• [GIVEN RECORDS]

────

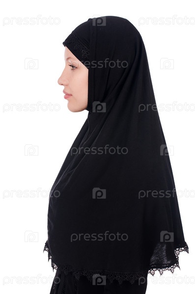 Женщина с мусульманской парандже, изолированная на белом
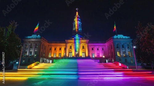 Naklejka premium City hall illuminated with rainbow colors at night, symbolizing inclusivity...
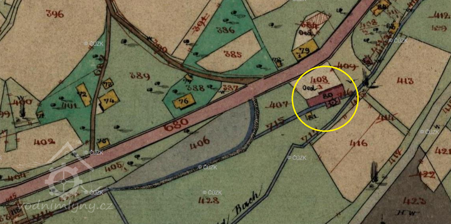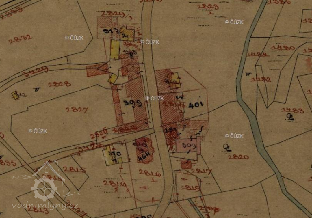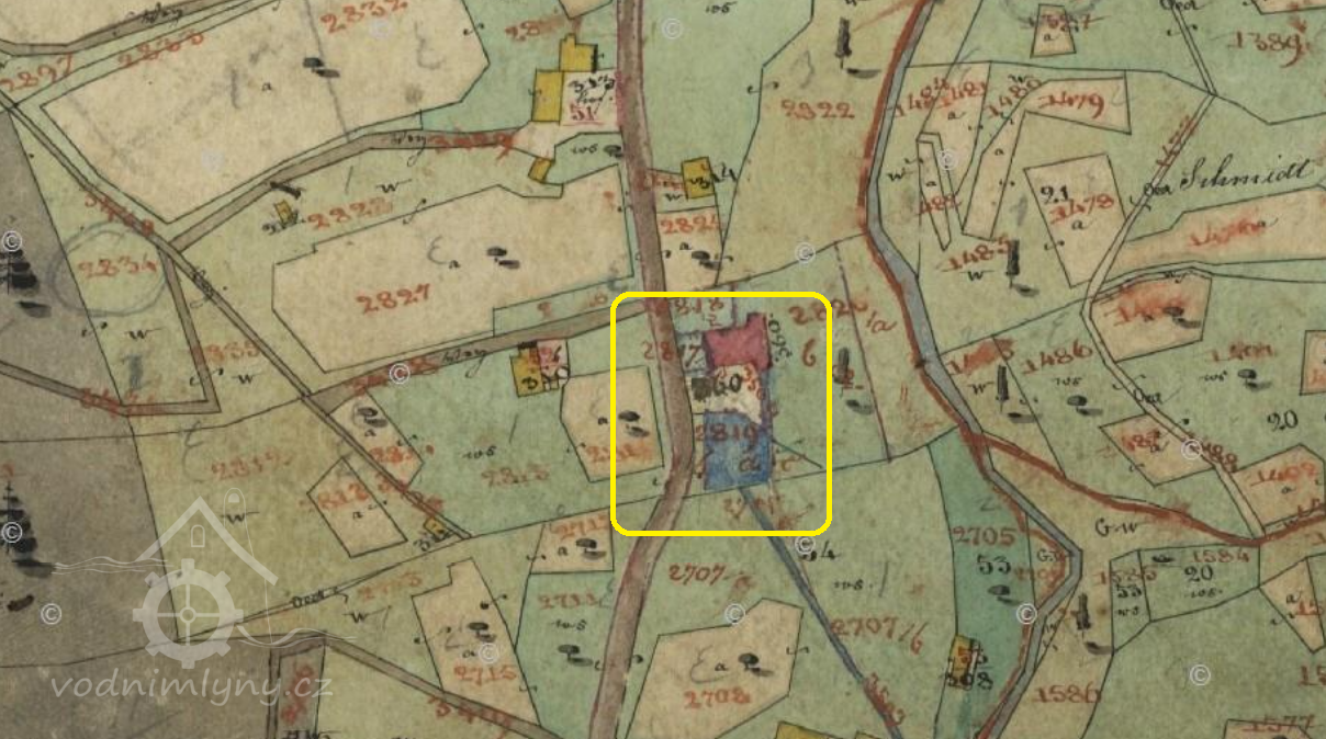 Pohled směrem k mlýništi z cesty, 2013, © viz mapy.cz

────

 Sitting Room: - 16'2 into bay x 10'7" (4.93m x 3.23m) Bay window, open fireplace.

────

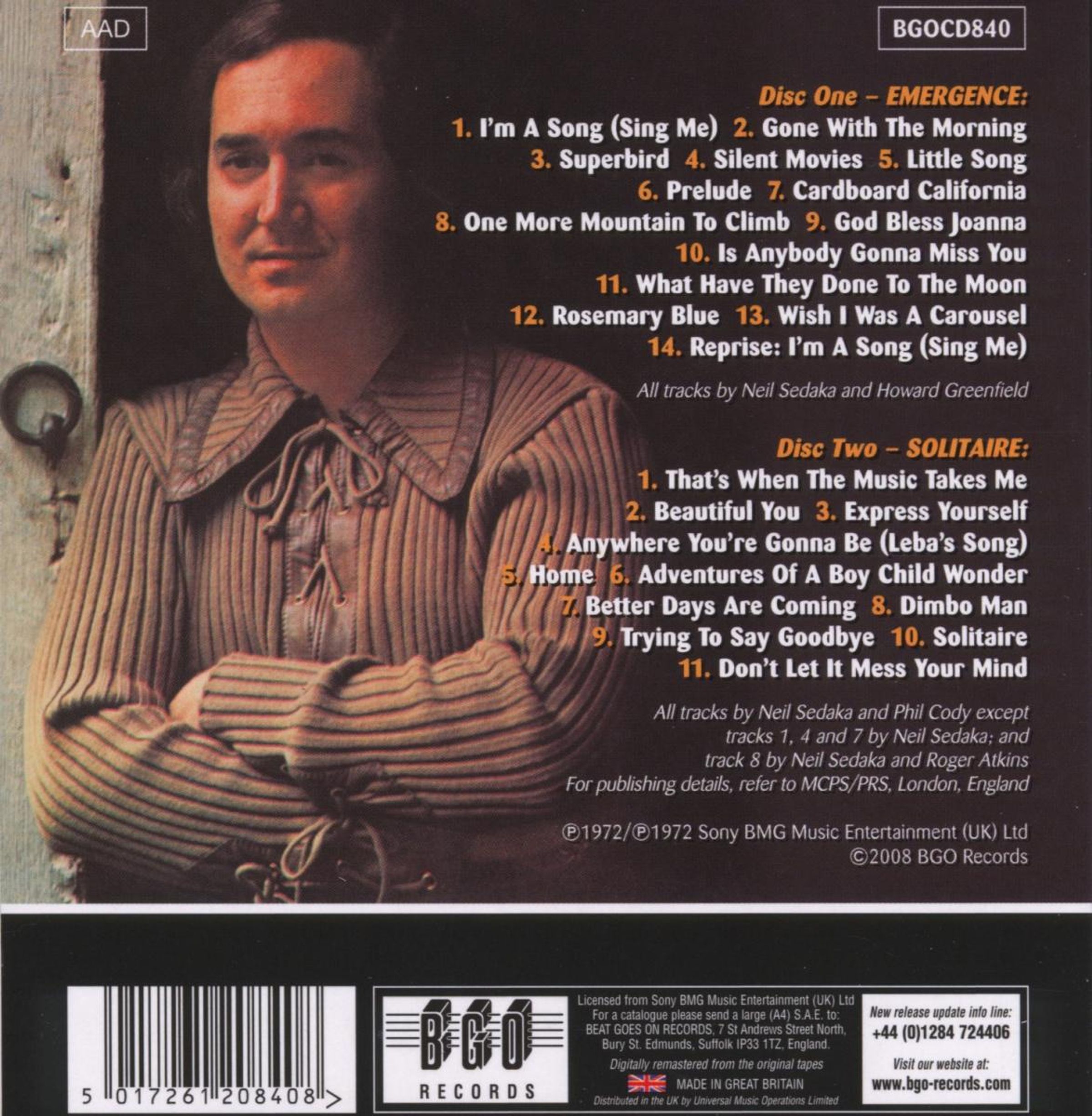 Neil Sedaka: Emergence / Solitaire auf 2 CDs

────

• [WORK TO COMPLETE] To complete this exercise, transcribe exactly the lines above from the one that holds "Женщина с мусульманской" through the one that holds "Pohled směrem k". Pictures stay out.

• [RESULT]
 Женщина с мусульманской парандже, изолированная на белом
 Naklejka premium City hall illuminated with rainbow colors at night, symbolizing inclusivity...
 Pohled směrem k mlýništi z cesty, 2013, © viz mapy.cz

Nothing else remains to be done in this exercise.